**Given data**
· · · · ·

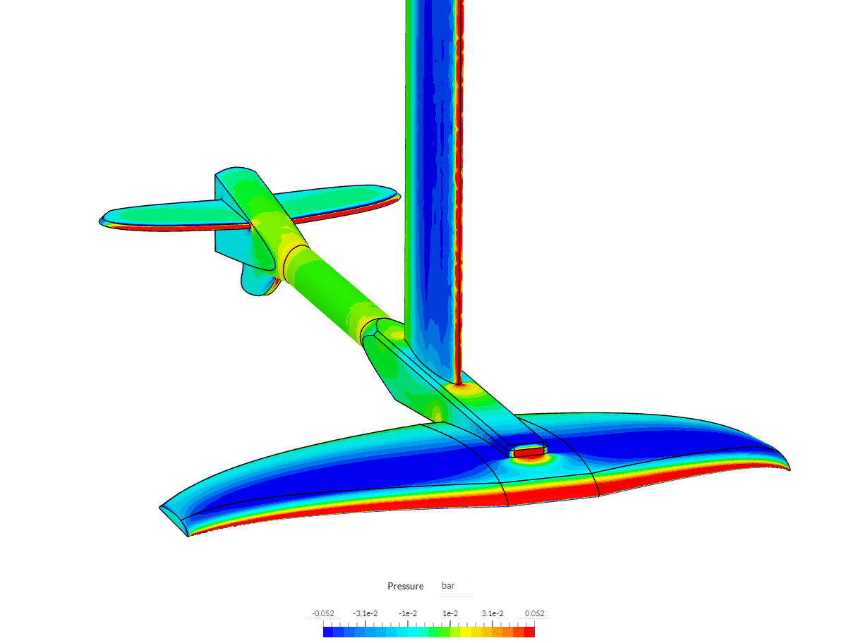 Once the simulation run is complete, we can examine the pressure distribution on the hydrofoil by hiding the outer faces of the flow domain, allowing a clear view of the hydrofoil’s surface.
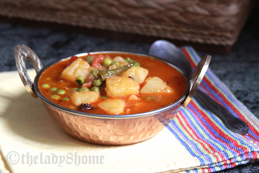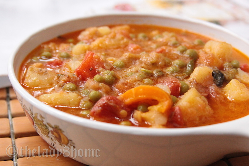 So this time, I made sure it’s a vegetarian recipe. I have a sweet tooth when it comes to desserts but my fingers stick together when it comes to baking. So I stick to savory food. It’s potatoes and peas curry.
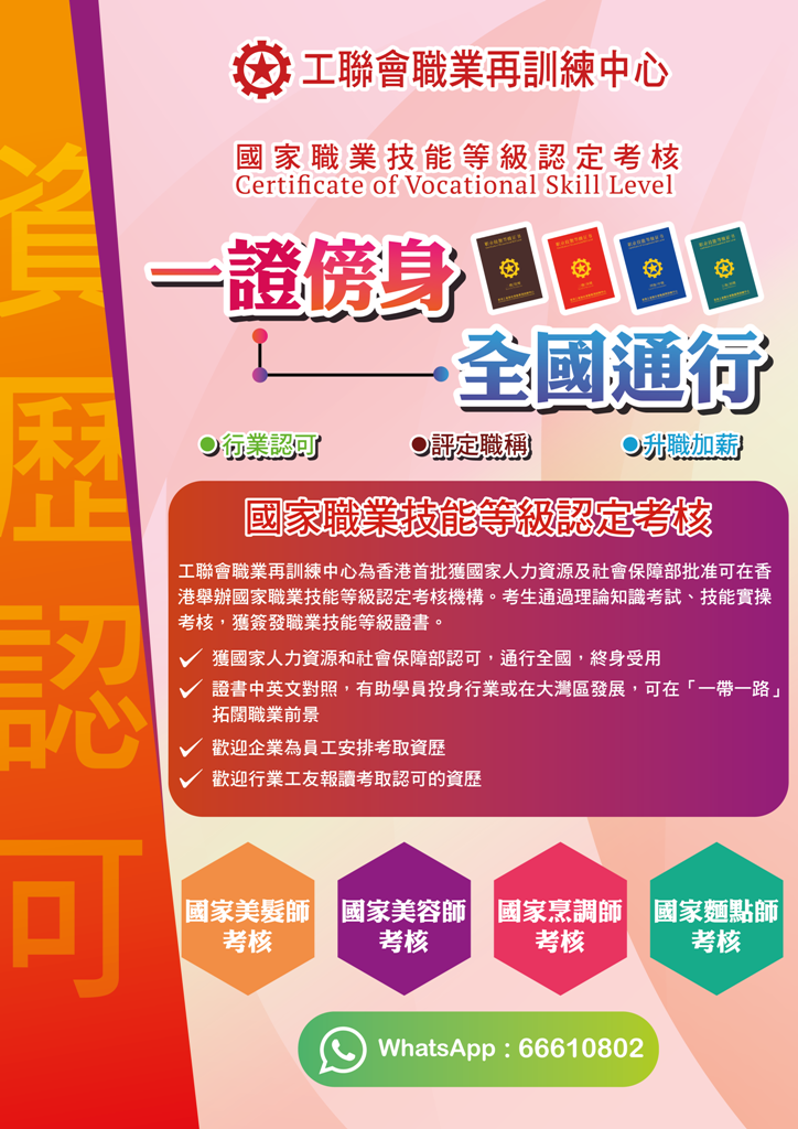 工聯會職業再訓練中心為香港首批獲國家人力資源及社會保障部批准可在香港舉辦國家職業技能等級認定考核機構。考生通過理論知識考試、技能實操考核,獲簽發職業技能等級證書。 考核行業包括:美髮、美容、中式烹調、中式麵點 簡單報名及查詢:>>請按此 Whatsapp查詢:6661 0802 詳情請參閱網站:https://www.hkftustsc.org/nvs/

· · · · ·

**Exercise details**
Only the lines from the one containing "So this time, I" through the end of the listing should be output, word for word and inclusive; keep pictures out.

**Solution for this problem**
 So this time, I made sure it’s a vegetarian recipe. I have a sweet tooth when it comes to desserts but my fingers stick together when it comes to baking. So I stick to savory food. It’s potatoes and peas curry.
 工聯會職業再訓練中心為香港首批獲國家人力資源及社會保障部批准可在香港舉辦國家職業技能等級認定考核機構。考生通過理論知識考試、技能實操考核,獲簽發職業技能等級證書。 考核行業包括:美髮、美容、中式烹調、中式麵點 簡單報名及查詢:>>請按此 Whatsapp查詢:6661 0802 詳情請參閱網站:https://www.hkftustsc.org/nvs/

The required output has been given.